The elder travelled to Uganda to found the Basoga people and the younger to found the Baganda.
His father died in 1913 and, as he was only three years old, regents governed until he was finally installed as Kyabazinga (King) of Busoga, in 1930.
He was educated at Mengo High School and Trent College, Derbyshire, where he started law studies, only to have them interrupted when he was called back by the Busoga government to take his father’s office.
During the war he joined the Uganda Rifles and served in Burma and Libya, rising to sergeant-major, but prevented from gaining an officer’s rank because he was serving in a South African controlled unit.
Career After the war he went back to local government and became a public relations officer in the Community Development Department at Kampala.

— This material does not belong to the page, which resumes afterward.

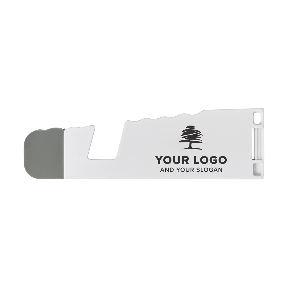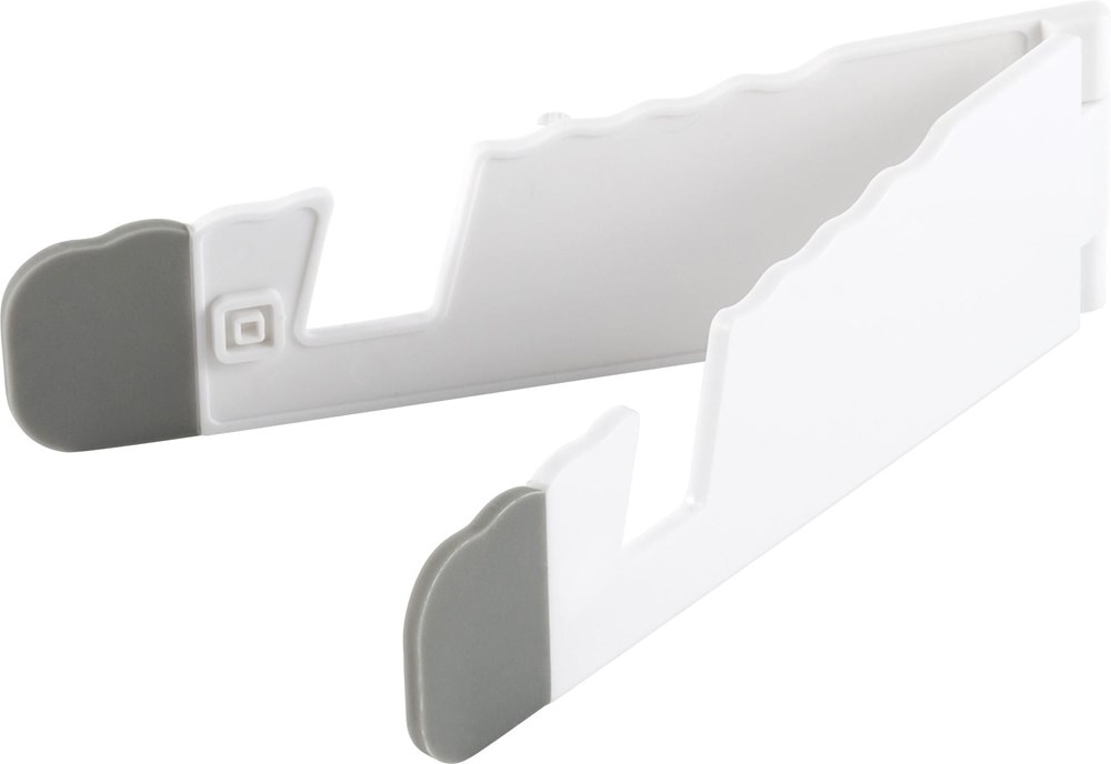 Faltbarer Telefonhalter & Tablethalter 'Haltern' aus Kunststoff mit silikonbeschichteten Spitzen.
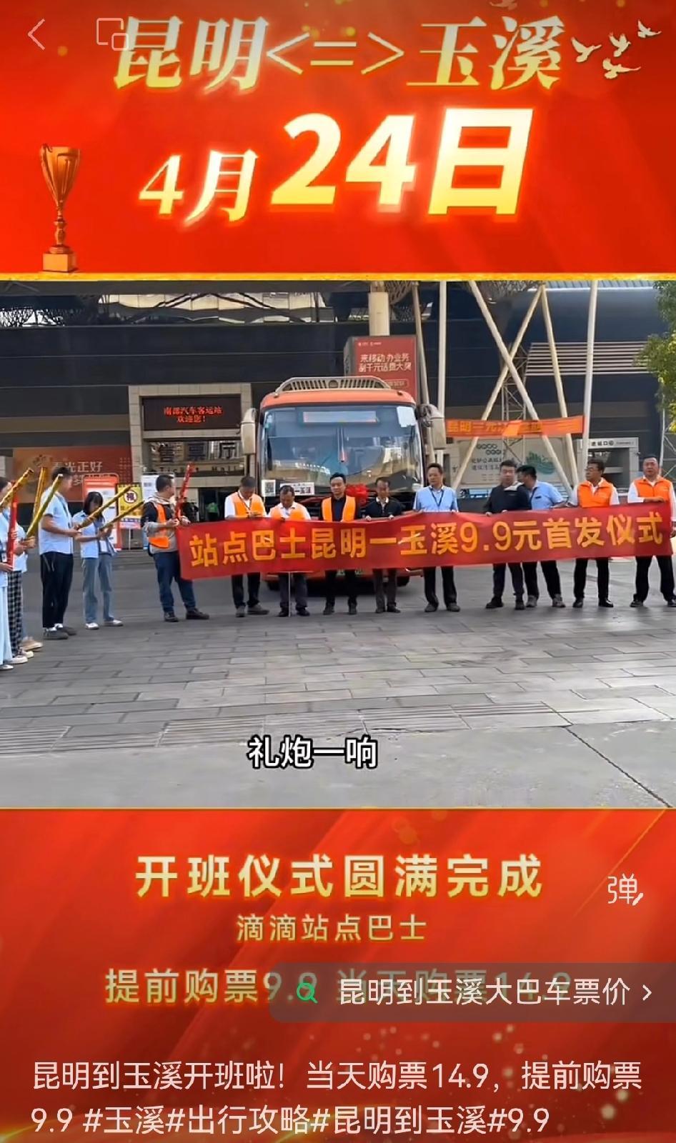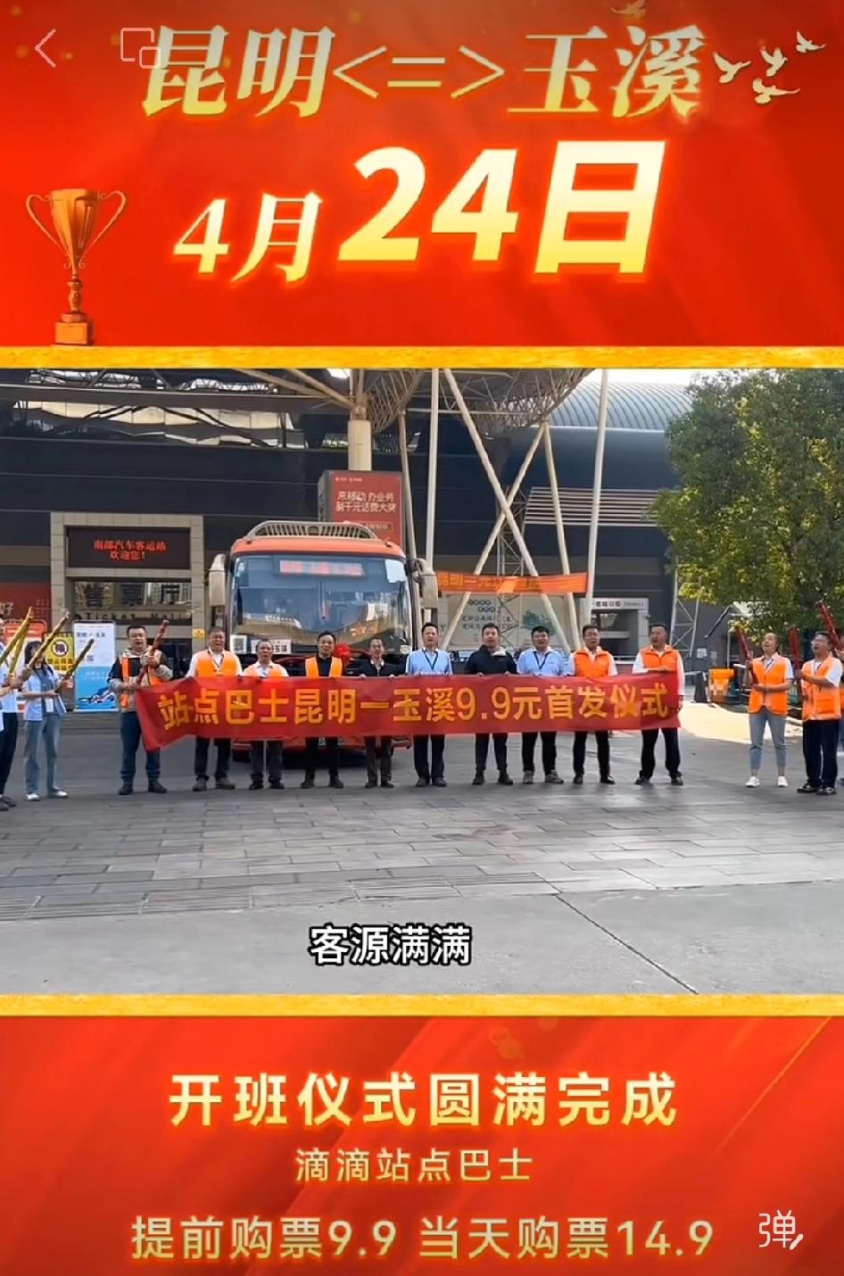 昆明到玉溪出行福利来啦!现在当天购票 14.9,提前购票只要 9.9,在滴滴出行小程序里的站点巴士就能买,主页还有购票教程。

In 1958 he went into politics as leader of a local party. Later he joined the Uganda Peoples’ Union which merged with Obote’s Uganda Peoples’ Congress in 1960.
In October 1963 he stood for election as President of Uganda and might have carried the day with his wide support throughout the country.
But Milton Obote endorsed the Kabaka of Buganda and spent the whole night of October 3 arguing, cajoling and persuading his party caucus until he secured the Kabaka’s election by 62 votes to 27.
Sir William had to make do with the Vice-Presidency, which he held until the constitutional crisis of April 1966, when Obote seized the opportunity of dismissing him the day after the assassination attempt on Obote on December 19, 1969; he was detained along with Benedicto Kiwanuka and a number of other prominent politicians.